Thom Powell Drinks the Ketchum Kool-Aid

Posted by: Guy Edwards on March 27th, 2013

Bigfoot Lunch Club


Thom offers up a tasting of the Ketchum Kool-Aid

“If that makes me a “Ketchum supporter” then, yes, I guess I drank the Kool-Aid. All I can say is, it was delicious.”— Thom Powell

There is no doubt that Bigfoot Lunch Club is a friend of Bigfoot author, Thom Powell. Heck I even illustrated the cover of his best selling Bigfoot book Shady Neighbors. I am also a huge fan of his previous must-have book The Locals.

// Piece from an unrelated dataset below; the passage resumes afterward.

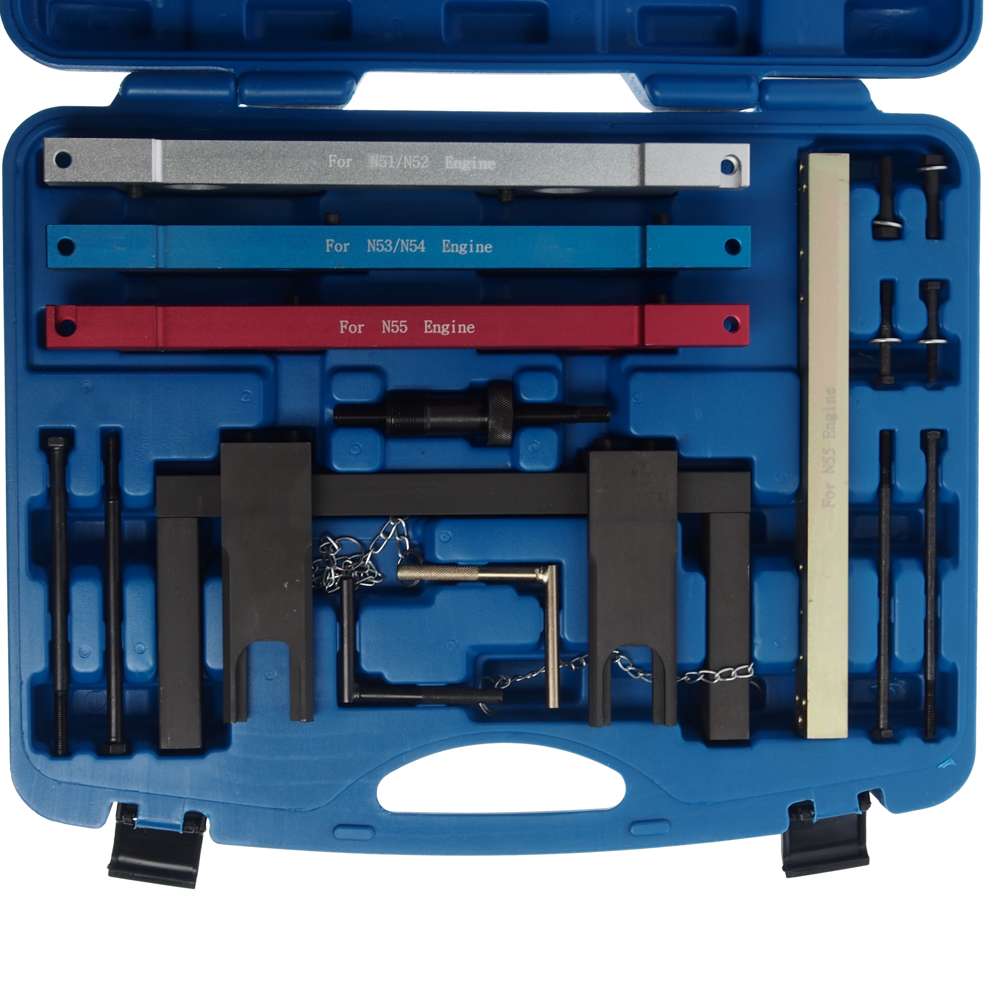 Набор фиксаторов для обслуживания двигателей RockForce 15 предметов в наборе, в кейсе Набор используется для профессионального монтажа или демонтажа необходимого элемента в автомобиле. Инструмент изготовлен из прочной стали и имеет удобную рукоятку, которая обеспечит эффективность даже при длительной эксплуатации. Комплект разработанных специально для работы с автомобилями марки BMW (N51 N52 N53 N54 N55)

Due to Thom Powell’s books he is on record for reporting many of the Bigfoot phenomena before they became mainstream conversations–mainstream among bigfooters anyway. While not everybody “bought” into these topics we still discuss them; topics like infrasound, cover-ups, habituation and yes, even Bigfoot DNA. Thom Powell is no hack when it comes to the topic, he has given a lot of thought to it and clearly has made his own conclusions.

Thom and I talked about the topic of his recent post, “Bigfoot DNA Evidence Redux” a full week before he posted it. We didn’t agree much over the phone, but if I’m honest, his blog post affords him greater ability to make his points. Points of which I still disagree with, but I do have some favorite parts. I loved his synopsis. Find out what kind of Kool-Aid Thom is serving and where he and I disagree (and agree) at Bigfoot Lunch Club.

Guy Edwards About Guy Edwards
Psychology reduces to biology, all biology to chemistry, chemistry to physics, and finally physics to mathematical logic. Guy Edwards is host of the Portland, OR event HopsSquatch.com.


10 Responses to “Thom Powell Drinks the Ketchum Kool-Aid”

  1. Ploughboy responds:

    I agree. Besides, I would not be so bold as to discount Dr. Ketchum’s research so soon. There remains another shoe to yet hit the floor. If Dr. Sykes’ research returns a finding of a novel haploid DNA strand, along with human mDNA, well…..what would we say then? I know what I would say.

  2. DWA responds:

    I prefer to reserve the drinks for toasting the proof.

    No matter what comes back from a DNA test, bigfoot isn’t proven to me until you point to a big guy and say: this came from that one there.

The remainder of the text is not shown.